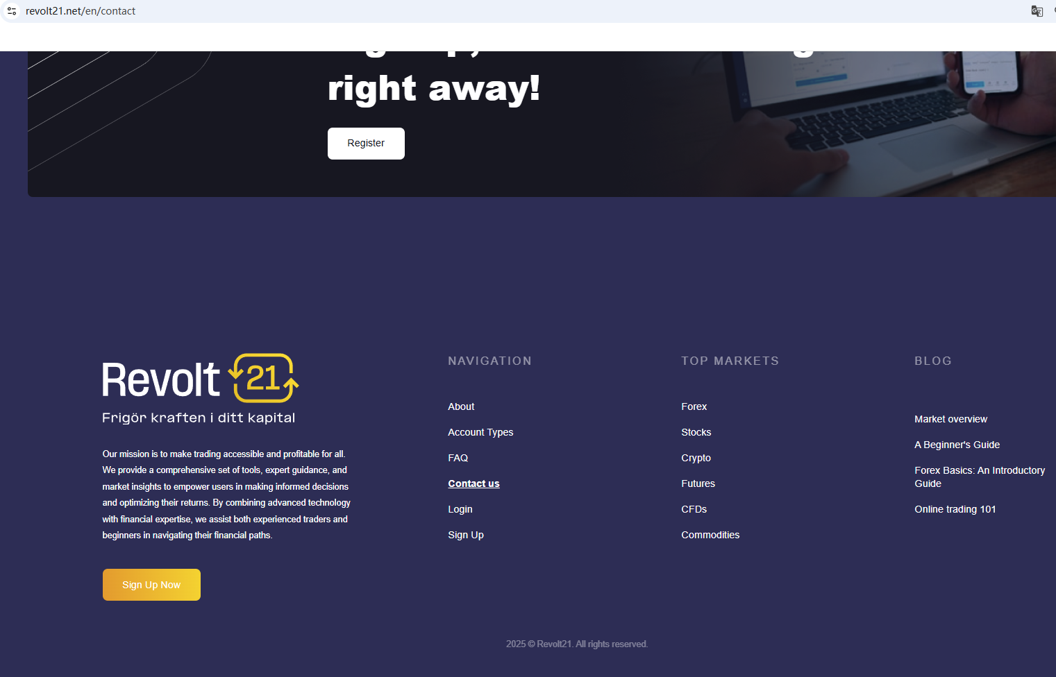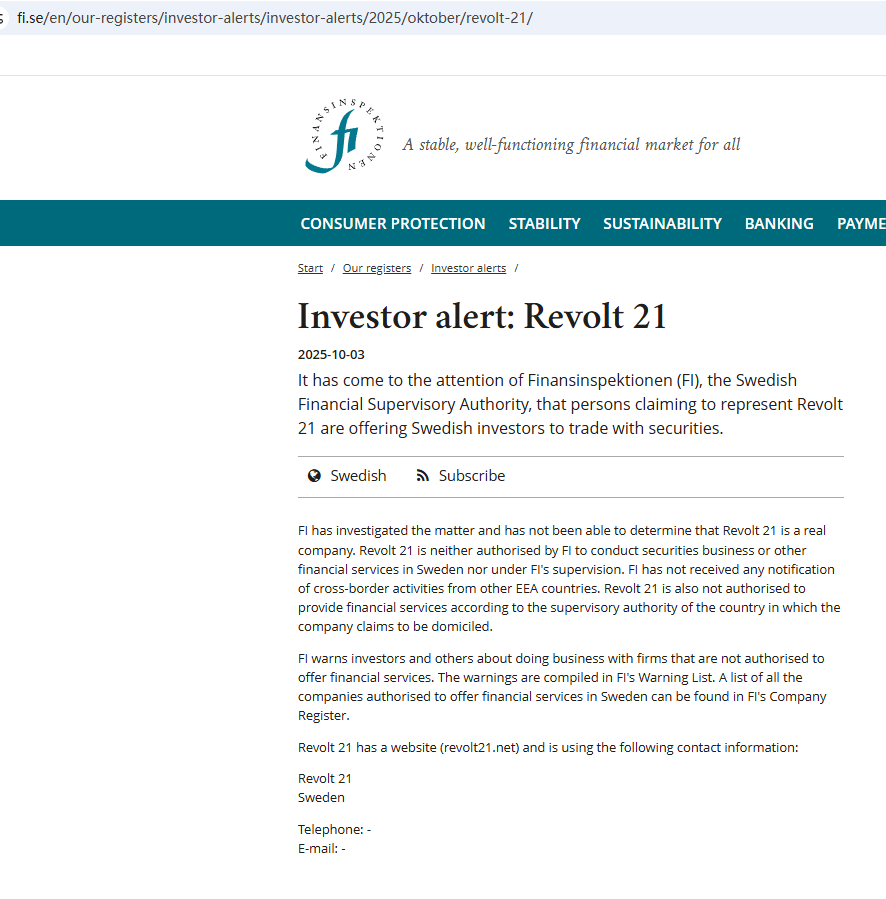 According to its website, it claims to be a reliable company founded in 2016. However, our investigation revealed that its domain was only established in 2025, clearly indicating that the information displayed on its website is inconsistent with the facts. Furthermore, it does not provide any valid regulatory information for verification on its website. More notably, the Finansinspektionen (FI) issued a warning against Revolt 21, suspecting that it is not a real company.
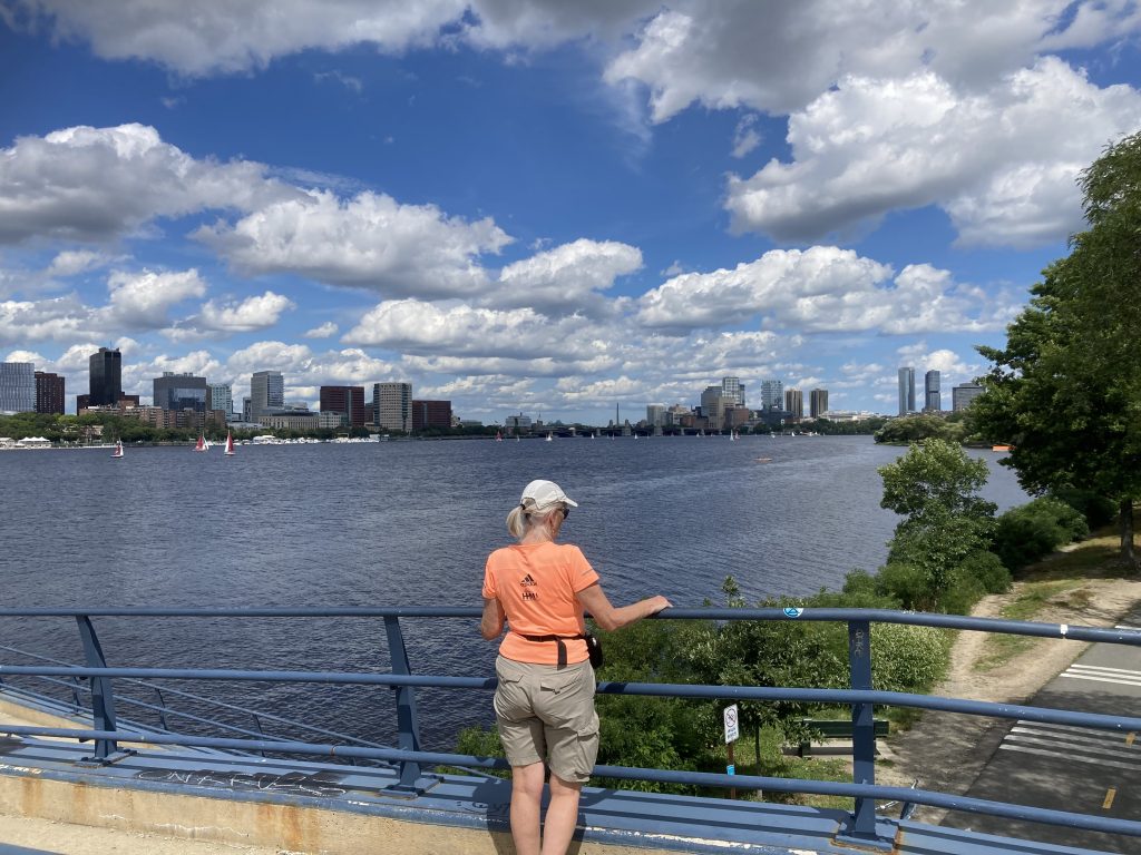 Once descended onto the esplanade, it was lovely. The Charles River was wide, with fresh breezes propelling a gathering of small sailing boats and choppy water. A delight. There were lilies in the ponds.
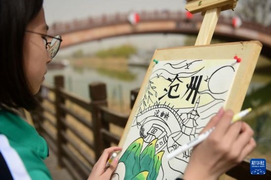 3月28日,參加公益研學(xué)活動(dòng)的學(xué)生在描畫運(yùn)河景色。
++++++++++++++++++++
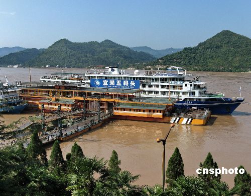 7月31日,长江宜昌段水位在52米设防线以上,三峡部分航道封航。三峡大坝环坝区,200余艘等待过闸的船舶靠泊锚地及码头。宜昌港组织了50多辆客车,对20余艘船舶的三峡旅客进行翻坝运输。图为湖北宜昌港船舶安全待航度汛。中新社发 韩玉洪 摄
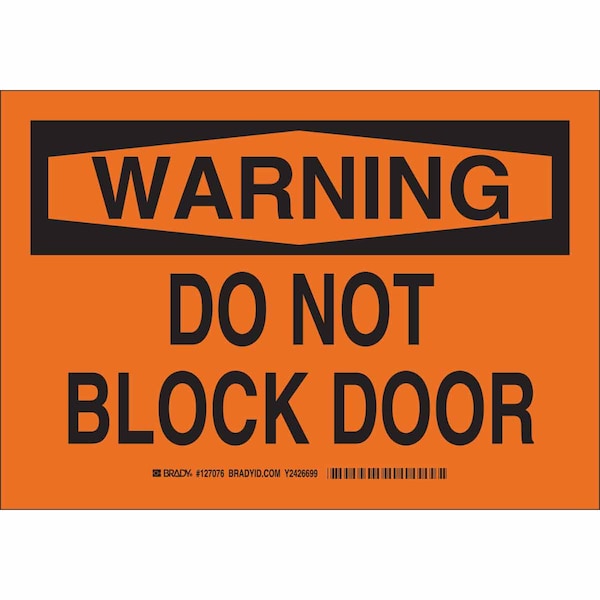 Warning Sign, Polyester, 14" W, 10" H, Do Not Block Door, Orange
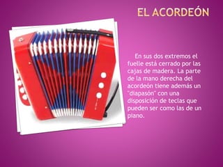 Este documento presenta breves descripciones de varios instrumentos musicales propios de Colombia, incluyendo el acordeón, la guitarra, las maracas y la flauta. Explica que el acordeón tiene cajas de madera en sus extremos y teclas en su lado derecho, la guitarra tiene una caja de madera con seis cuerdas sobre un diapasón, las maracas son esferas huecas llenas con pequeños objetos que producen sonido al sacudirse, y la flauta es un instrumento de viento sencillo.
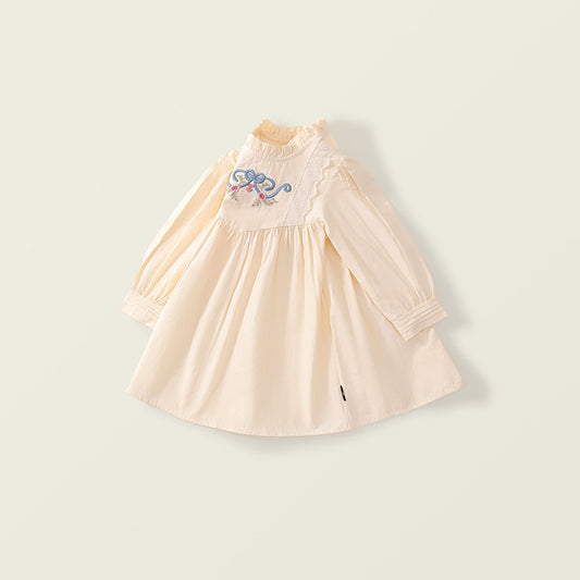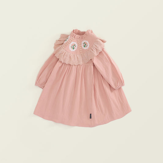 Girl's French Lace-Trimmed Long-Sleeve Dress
++++++++++++++++++++
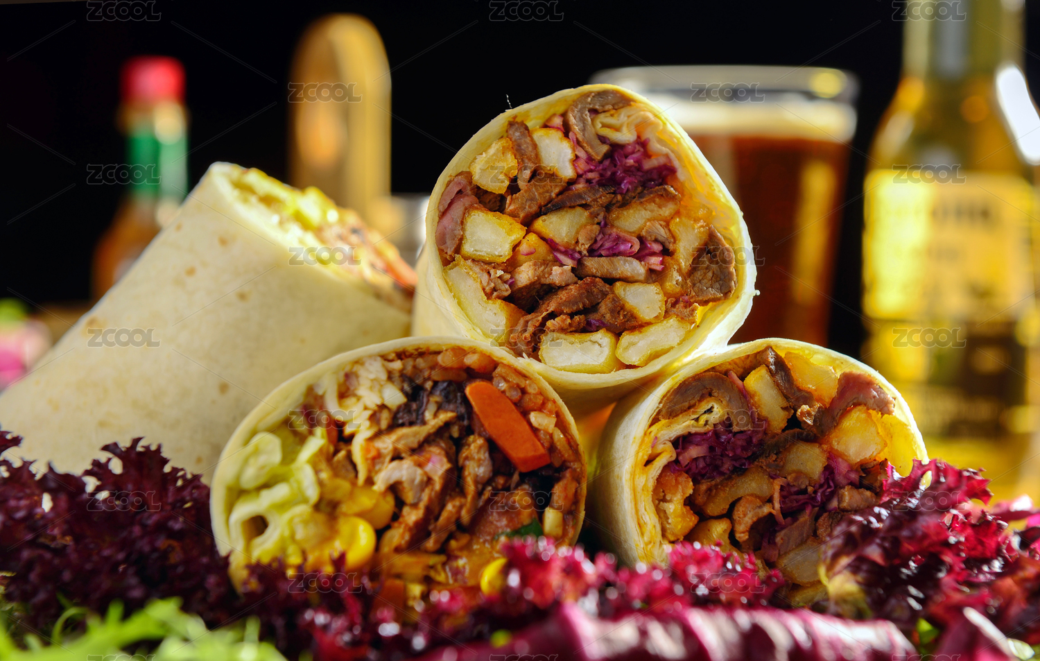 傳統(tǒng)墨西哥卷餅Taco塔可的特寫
++++++++++++++++++++
**Directions**
A verbatim reproduction is expected: starting at the line above that has "According to its", ending at the line that has "3月28日,參加公益研學(x", both included, and with no pictures and no other lines.

**Task response**
 According to its website, it claims to be a reliable company founded in 2016. However, our investigation revealed that its domain was only established in 2025, clearly indicating that the information displayed on its website is inconsistent with the facts. Furthermore, it does not provide any valid regulatory information for verification on its website. More notably, the Finansinspektionen (FI) issued a warning against Revolt 21, suspecting that it is not a real company.
 Once descended onto the esplanade, it was lovely. The Charles River was wide, with fresh breezes propelling a gathering of small sailing boats and choppy water. A delight. There were lilies in the ponds.
 3月28日,參加公益研學(xué)活動(dòng)的學(xué)生在描畫運(yùn)河景色。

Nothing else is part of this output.